Officials with the National Highway Traffic Safety Administration (NHTSA) recently announced that they would be offering close to $600,000 to both Massachusetts and Connecticut to help them to create, plan and conduct campaigns and high-visibility enforcement efforts to get drivers to stop text messaging behind the wheel.
Each state is going to receive about $300,000 to train its officers on more effective ways to hunt down and spot drivers who are text messaging behind the wheel. The money will also help to fund more campaign messages and media spots to help to spread the word about the dangers of texting and driving.
“We have come a long way in our fight against distracted driving, but there is still much work to be done,” said Ray LaHood, U.S. Transportation Secretary.

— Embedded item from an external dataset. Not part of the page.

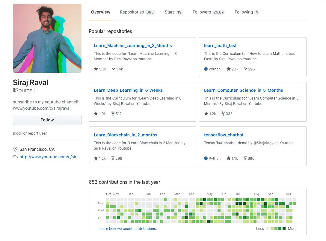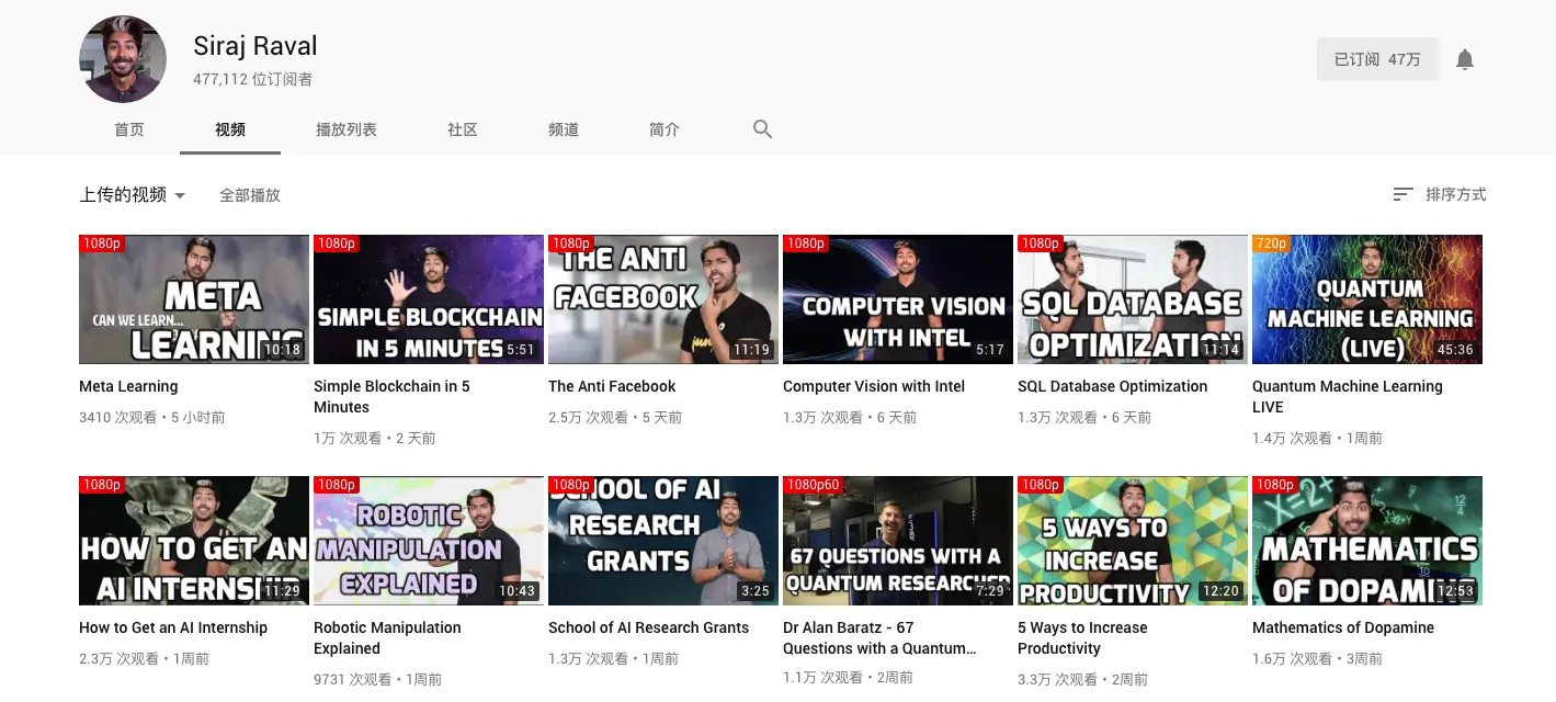 Siraj 是一个印度裔的程序员,在去年创办了一个 AI 学习社区「School of AI」,他在 YouTube 上传的视频都是关于人工智能相关的课程。

Our Quincy accident lawyers understand that the State of Massachusetts already bans all drivers from text messaging behind the wheel, according to the Insurance Institute for Highway Safety (IIHS). The problem is that drivers aren’t listening. One of the most effective ways to get drivers to follow road laws and to help to increase safety on our state’s streets is to up the ante. This is done by more campaigns, more awareness programs and more police enforcement. And that’s where the NHTSA is coming in.
Currently, there are only 39 states that have laws that place bans on drivers text messaging. Only 10 states have laws that are designed to stop all drivers from using a hand-held cell phone at the wheel. Even though these laws are spread out across the nation, there are still far too many drivers who are getting into distracted driving car accidents because of these devices. In many states, like in Massachusetts, drivers are banned from text messaging behind the wheel but not from using a cell phone. With the mixture of these laws, it’s tough for officers to be able to tell if a driver was text messaging or was dialing a number to call — one illegal and one not, but both looking similar.
When all of these activities are banned, it’s much easier for an officer to bust a driver.
To help to stop drivers from text messaging behind the wheel, officials in both Connecticut and in Massachusetts will be using spotters and stationary patrols on elevated roadways. They will also be able to perform more roving patrols. The funds are to help these states to judge the effectiveness of each wave of high-visibility enforcement. The study period will be two years. The results are going to be used to help to determine which efforts should be used in other states to help to get drivers to hang up the phone.
In just 2010, there were more than 3,000 people who were killed in car accidents that involved a distracted driver. Another 415,000 people were injured in these same incidents. It’s such a problem, that these accidents account for close to 20 percent of all of the injury accidents reported that year.